An artful brim trim certainly seems fresh and modern but it’s a trend that, in reality, is hundreds of years old. 17th-century Americans wore their tricornes (a hipper younger brother to the European tri-corner hat) embellished with a variety of trim. The most common hat brim trim was a braid of worsted wool rendered in black or white, but the true dandies of the era edged their straw hats with brocade, metallic, or silk in a rainbow of colors.
Fast forward a century or two and the trend is back.
Here’s why I love it: it’s only for aesthetics. That’s it. There is zero practical reason to attend to the detail of brim trim. It’s not a functional must-have or an extra pocket that will come in handy when traveling. It is useless. Dressing your hat with fanciful grosgrain or an artful change in color is purely, well, because.
Because it looks cool. Because it looks beautiful. Because it’s ambitious, and entrepreneurial. Because it redefines the notion of a gangster hat. Because it sets off a joy-filled Roman candle behind your eyes when you look at it and it makes your confidence soar just to know it’s there.
Still not convinced of the power of artful brim trim? Allow D’ESTRËE to convince you of the sensational impact of the often overlooked hat detail.
Founder Geraldine Guyot has created a femme-forward aesthetic with traditionally menswear hats focusing on soft details, including contrasting brim trim. The talented accessories designer recently wed her fashion royalty beau, Alexandre Arnault. Guyot’s brand new groom is the second eldest son of LVMH chairman and CEO Bernard Arnault—who is also the executive vice president of products and communication at Tiffany & Co. The couple married in Venice while Beyoncé, Jay-Z, Pharrell Williams, Kanye West, Roger Federer, and the rest of their friends and family looked on.

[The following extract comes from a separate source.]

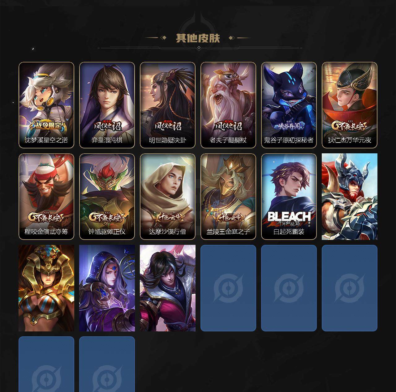 【限定皮肤】:白起狰,狄仁杰阴阳师,虞姬凯尔特女王,赵云皇家上将,妲己时之彼端,嬴政白昼王子,鲁班七号狮舞东方,庄周蜃楼王,孙膑妖精王,扁鹊炼金王,芈月重明,吕布猎兽之王,周瑜赤莲之焰,夏侯惇朔风刀,甄姬幽恒,甄姬游园惊梦,曹操烛龙,典韦穷奇,典韦蓝屏警告,典韦岱宗,狄仁杰魔术师,狄仁杰万华元夜,达摩沙漠行僧,项羽海滩派对,老夫子醍醐杖,关羽冰锋战神,程咬金演武夺筹,韩信逐梦之影,王昭君凤凰于飞,兰陵王金庭之子,亚瑟狮心王,孙悟空大圣娶亲,牛魔御旌,李元芳银河之约,虞姬启明星使,钟馗神迹守卫,钟馗驱傩正仪,杨玉环遇见飞天,女娲朔望之晖,太乙真人饕餮,鬼谷子原初探秘者,铠青龙志,弈星混沌棋,沈梦溪星空之诺,明世隐疑决卦,裴擒虎李小龙,狂铁御狮,米莱狄御霄,云中君纤云弄巧,伽罗太华,盾山御銮,上官婉儿梁祝,嫦娥如梦令
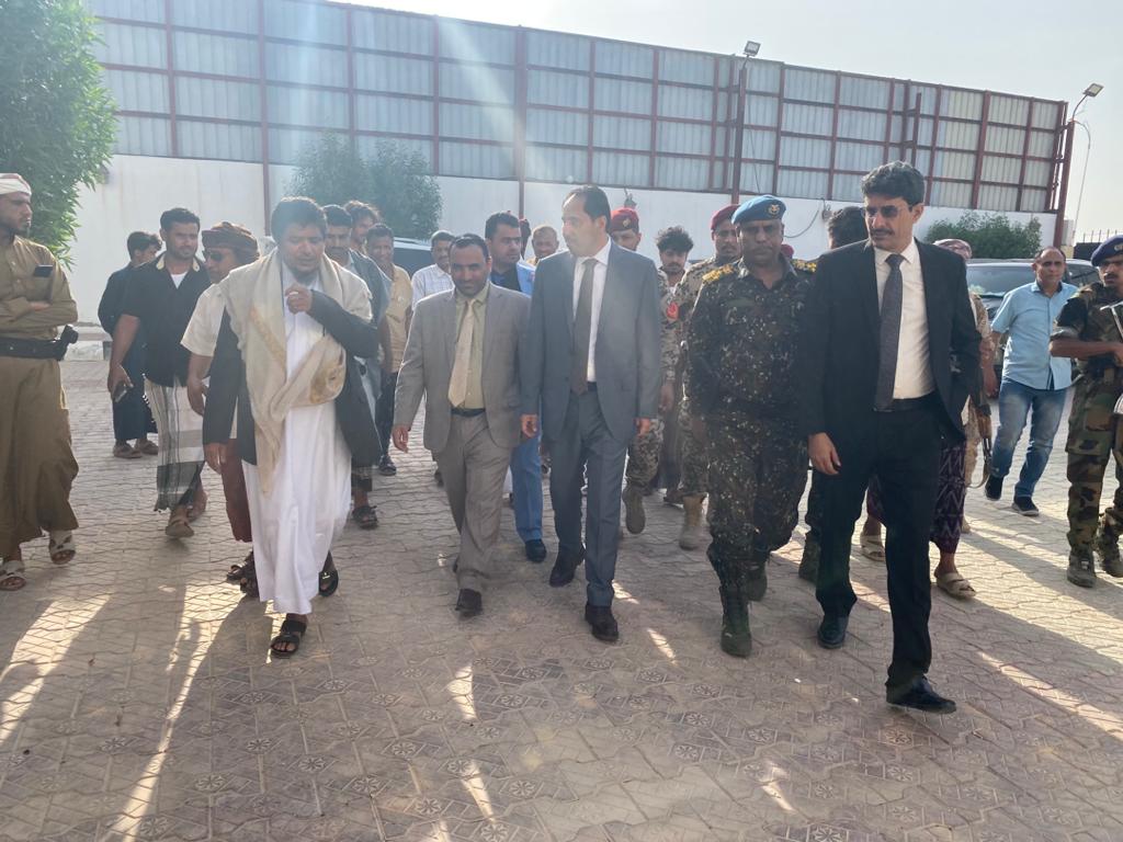 وكان في استقباله وزير الكهرباء والطاقة الدكتور أنور محمد كلشات والأمين العام للمجلس المحلي بالمحافظة الأستاذ سالم عبدالله نيمر ووكيل المحافطة لشؤون الشباب الأستاذ بدر سالم كلشات ومدير عام مكتب الشباب والرياضة بالمحافظة الأستاذ محمد عمر سويلم ومدير الأمن العميد مفتي سهيل صمودة ورئيس فرع إتحاد كرة القدم الإثنين عمر ومدير القصر الجمهوري الأستاذ أحمد عبدالرحمن بن حروف ونائب مدير عام مكتب الشباب الأستاذ عادل رزق خودم.

I’m certain that newlywed Guyot wore one of her own gorgeous hats on her honeymoon. Slip on one of D’ESTRËE’s creations and you instantly look like you’re going somewhere fabulous—Riviera-ready, I like to call the mood to fit their scrumptious straw hats for women.
Contrasting brim trim isn’t the only artful hat detail I’m dreamily sighing over lately. Highly contrasting two-tone hats are popping up in New York, Paris, LA, and everywhere else where tastemakers click champagne glasses and kick up their Louboutins.
Theater and comedy icon Wayne Brady attended the prestigious Tony Awards with a beautiful example of the trend. He paired his sleek black suit with a matching black fedora, but the hat had a scarlet red bottom underside that instantly landed him on the best dressed list. Hats with red under brims are showing up more and more.
On the other end of the country, Jennifer Romas and Rico Bozant wore the inverse of Brady’s Tony Awards hat while celebrating the post-pandemic return of their Las Vegas show SEXXY: The Show at the Westgate Cabaret in Las Vegas. In this case, they’re smooching in matching red fedoras with black bottom brims.
The Hat Stops Here
Hats are having an artful moment. With details like contrasting brim trim and boldly juxtaposed underside hues, whimsical plays on standard fedoras are a brilliant way to reinvent an otherwise plain outfit. Reach for this hat when you have to really make an impact. These new, boldly graphic trends are proof positive that “traditional” doesn’t have to mean “basic”.